## Exercise
In the listing below, locate the line that contains "Desde las 2" and the line that contains "The dining room". Restate word for word those two lines and every line between them, and nothing else.

[Opening The data section]

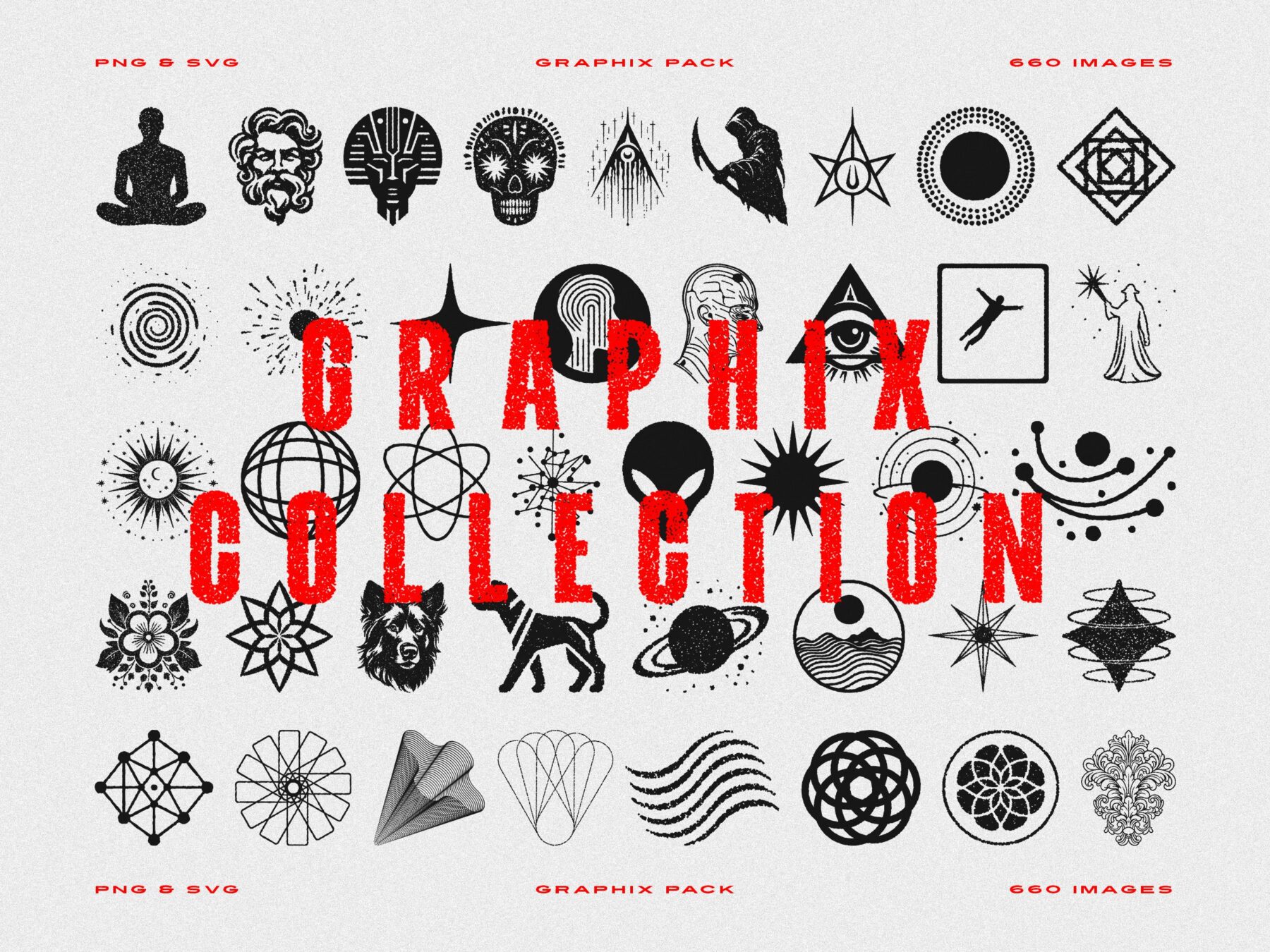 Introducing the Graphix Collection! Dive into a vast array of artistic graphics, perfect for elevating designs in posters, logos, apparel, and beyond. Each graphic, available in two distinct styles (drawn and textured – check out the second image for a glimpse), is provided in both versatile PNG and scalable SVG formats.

[Closing The data section]
[Opening The data section]

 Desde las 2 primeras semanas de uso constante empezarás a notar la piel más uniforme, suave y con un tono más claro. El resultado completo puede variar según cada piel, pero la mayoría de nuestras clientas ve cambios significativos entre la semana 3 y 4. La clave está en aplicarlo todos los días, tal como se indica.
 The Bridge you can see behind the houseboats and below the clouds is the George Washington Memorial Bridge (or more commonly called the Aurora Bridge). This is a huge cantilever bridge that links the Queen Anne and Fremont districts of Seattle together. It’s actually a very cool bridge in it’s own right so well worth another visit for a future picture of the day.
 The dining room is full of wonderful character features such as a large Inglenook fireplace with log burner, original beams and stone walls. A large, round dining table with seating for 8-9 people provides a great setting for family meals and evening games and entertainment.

[Closing The data section]
[Opening The data section]

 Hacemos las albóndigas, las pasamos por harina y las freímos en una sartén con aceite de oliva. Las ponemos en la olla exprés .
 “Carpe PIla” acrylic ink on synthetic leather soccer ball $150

[Closing The data section]

## Response
 Desde las 2 primeras semanas de uso constante empezarás a notar la piel más uniforme, suave y con un tono más claro. El resultado completo puede variar según cada piel, pero la mayoría de nuestras clientas ve cambios significativos entre la semana 3 y 4. La clave está en aplicarlo todos los días, tal como se indica.
 The Bridge you can see behind the houseboats and below the clouds is the George Washington Memorial Bridge (or more commonly called the Aurora Bridge). This is a huge cantilever bridge that links the Queen Anne and Fremont districts of Seattle together. It’s actually a very cool bridge in it’s own right so well worth another visit for a future picture of the day.
 The dining room is full of wonderful character features such as a large Inglenook fireplace with log burner, original beams and stone walls. A large, round dining table with seating for 8-9 people provides a great setting for family meals and evening games and entertainment.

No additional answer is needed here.